Other dialogue partners include Egypt and Qatar, two countries that have for years been within the U.S. sphere of influence. Iran is also expected to become a full member by the end of the year. As part of the security component of the group, SCO members will be conducting a joint "counter-terrorism exercise" in the Chelyabinsk region of Russia in August.
Atlantic Council fellow Jonathan Fulton said of the SCO, "By engaging with these U.S. rivals, it really does seem like this multipolarity is in full-bore here now."
Riyadh's decision to join the bloc comes 3 months after Chinese leader Xi Jinping visited the kingdom and days after state-owned Saudi Aramco announced that it will be building a $10 billion refinery and China and will acquire a 10 percent stake in a leading Chinese refinery.

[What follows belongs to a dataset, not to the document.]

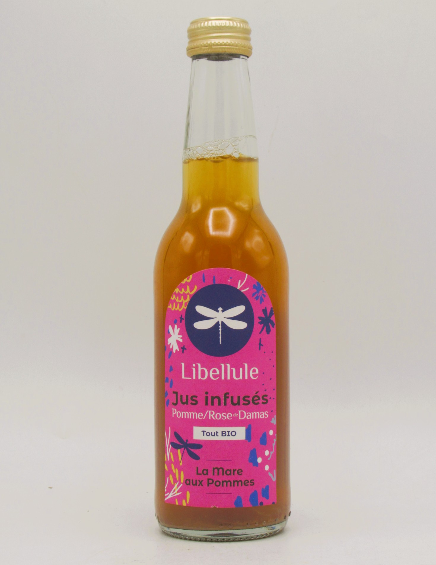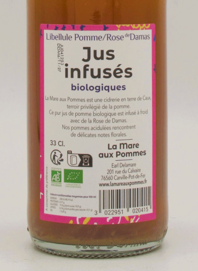 Le Jus Infusé Bio Libellule Pomme Rose de Damas La Mare aux Pommes est à produit à Carville Pot de Fer, près d’Yvetot en plein Pays de Caux.
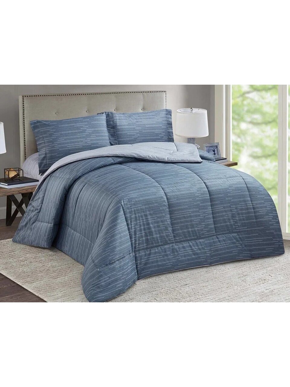 В комплекте: пододеяльник 200х220 см, простыня 230х250 см, две наволочки 50х70 см. Одеяло также 200х220 см — подходит для евро-кроватей.

China also recently brokered a rapprochement between longtime rivals in the Middle East, Saudi Arabia, and Iran. The two countries have agreed to fully restore previously severed diplomatic relations and to reopen embassies. Riyadh credited China for serving as a "bridge" that made the agreement possible and has also led to a Saudi king inviting an Iranian president to the kingdom for the first time in 25 years. Xi also noted that the dialogue between the two countries will "play a major role in strengthening regional unity and cooperation."
Iran is not the only country the Saudi government is repairing ties with Riyadh is on the verge of restoring diplomatic relations with the Syrian government, which had been targeted for regime change by the U.S. with heavy Saudi support. U.S. soldiers still remain stationed in parts of Syria.
Beijing's budding relationships with many of these countries signal a shift in global power away from the U.S. and heavily in China's favor. It is setting the stage for the next phase of de-dollarization, which is a burgeoning trend that could cause the collapse of a primary cornerstone of America's power in the world.
Meanwhile, U.S. officials have warned Washington's Middle Eastern allies that some forms of cooperation the countries are forming with China could alter their standing with the U.S. However, in another blow to the United States' global influence, few, if any, Middle Eastern leaders seem to be listening.